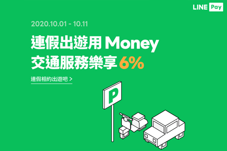 活動期間內,於指定停車場/加油站/共享機車結帳時,透過LINE Pay並使用LINE Pay Money(原一卡通帳戶)付款,享以下優惠:
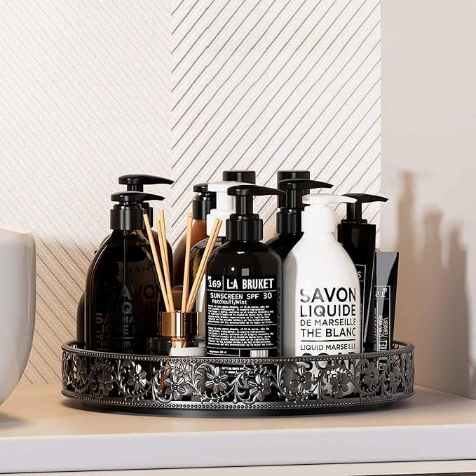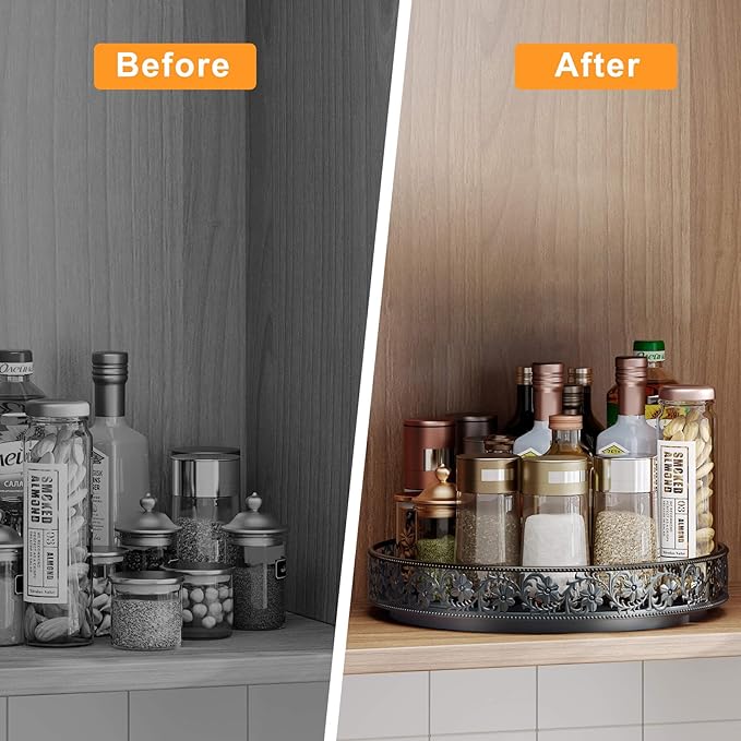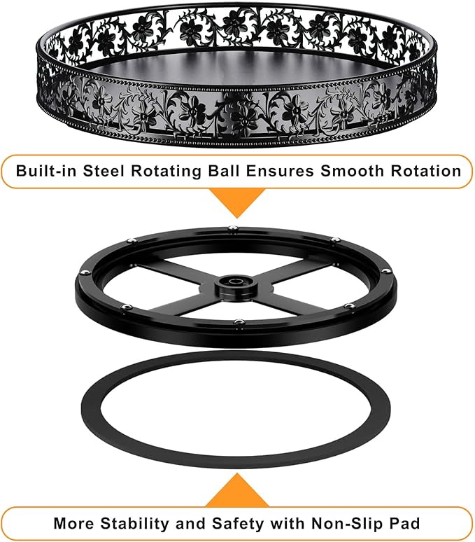 - 【Design with Floral Raised Edges and Open】The lazy susan for cabinet heightened edge with beautiful classic flower design not only provides exceptional decorative visual, but also prevents items from falling when rotating, it's safer to move the lazy susan organizer tray from one place to another.The open design of turntable organizer makes items clearly visible and easy to access and use.
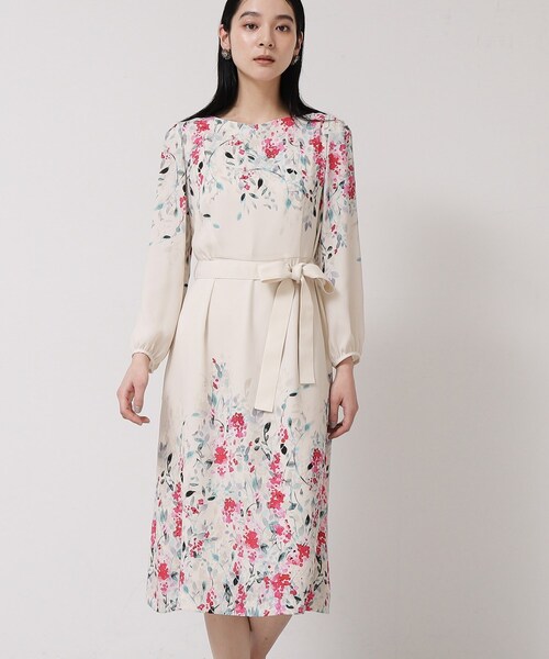 【デザイン】 八分袖丈のふんわりスリーブがフェミニンなパネルプリントワンピース。 顔周りとスカート部分に施した華やかなプリント柄がSunaUnaらしい印象です。 ウエストで切り替えが入っているので自然とフィット&フレアシルエットが表現でき、横から見た時にも細見えするシルエットです。 【素材】 光沢感のあるのバックサテンジョーゼット、多色の色使いの繊細な花柄をプリントしました。 ポリエステルを使用したSDG’Sな素材です。 *ミモザ:花言葉は「優雅」「友情」です。 ミモザの小さく丸い花がたくさん寄り集まって咲いている姿に由来します。 3月に人気の女性の幸せを象徴するお花です。 【着こなしポイント】 ウエストリボン付きなので、Aライン、フィット&フレア、2WAYでお楽しみいただけます。 【仕様】 ・ポケットなし ・後ろ中心ファスナー ・身頃裏付き ・共布ベルト付 ※こちらの商品はやや透け感があります。 ※照明の関係により、実際よりも色味が違って見える場合があります。また、パソコン・スマートフォンなどの環境により、若干製品と画像のカラーが異なる場合もございます。 モデル情報:身長168cm B81 W60 H89 着用サイズ:38(M) 店舗へのお問い合わせ商品番号:K92-52301 ●製品寸法: 34(SS):着丈101cm B87cm 袖丈51cm 肩幅36cm W72cm H98cm 36(S):着丈104cm B90cm 袖丈52cm 肩幅36cm W75cm H101cm 38(M):着丈105cm B93cm 袖丈53cm 肩幅37cm W78cm H104cm 40(L):着丈108cm B96cm 袖丈53cm 肩幅38cm W81cm H107cm 備考:

▸ Task statement: Without any pictures, repeat the listing exactly.

▸ Response below:
 活動期間內,於指定停車場/加油站/共享機車結帳時,透過LINE Pay並使用LINE Pay Money(原一卡通帳戶)付款,享以下優惠:
 - 【Design with Floral Raised Edges and Open】The lazy susan for cabinet heightened edge with beautiful classic flower design not only provides exceptional decorative visual, but also prevents items from falling when rotating, it's safer to move the lazy susan organizer tray from one place to another.The open design of turntable organizer makes items clearly visible and easy to access and use.
 【デザイン】 八分袖丈のふんわりスリーブがフェミニンなパネルプリントワンピース。 顔周りとスカート部分に施した華やかなプリント柄がSunaUnaらしい印象です。 ウエストで切り替えが入っているので自然とフィット&フレアシルエットが表現でき、横から見た時にも細見えするシルエットです。 【素材】 光沢感のあるのバックサテンジョーゼット、多色の色使いの繊細な花柄をプリントしました。 ポリエステルを使用したSDG’Sな素材です。 *ミモザ:花言葉は「優雅」「友情」です。 ミモザの小さく丸い花がたくさん寄り集まって咲いている姿に由来します。 3月に人気の女性の幸せを象徴するお花です。 【着こなしポイント】 ウエストリボン付きなので、Aライン、フィット&フレア、2WAYでお楽しみいただけます。 【仕様】 ・ポケットなし ・後ろ中心ファスナー ・身頃裏付き ・共布ベルト付 ※こちらの商品はやや透け感があります。 ※照明の関係により、実際よりも色味が違って見える場合があります。また、パソコン・スマートフォンなどの環境により、若干製品と画像のカラーが異なる場合もございます。 モデル情報:身長168cm B81 W60 H89 着用サイズ:38(M) 店舗へのお問い合わせ商品番号:K92-52301 ●製品寸法: 34(SS):着丈101cm B87cm 袖丈51cm 肩幅36cm W72cm H98cm 36(S):着丈104cm B90cm 袖丈52cm 肩幅36cm W75cm H101cm 38(M):着丈105cm B93cm 袖丈53cm 肩幅37cm W78cm H104cm 40(L):着丈108cm B96cm 袖丈53cm 肩幅38cm W81cm H107cm 備考:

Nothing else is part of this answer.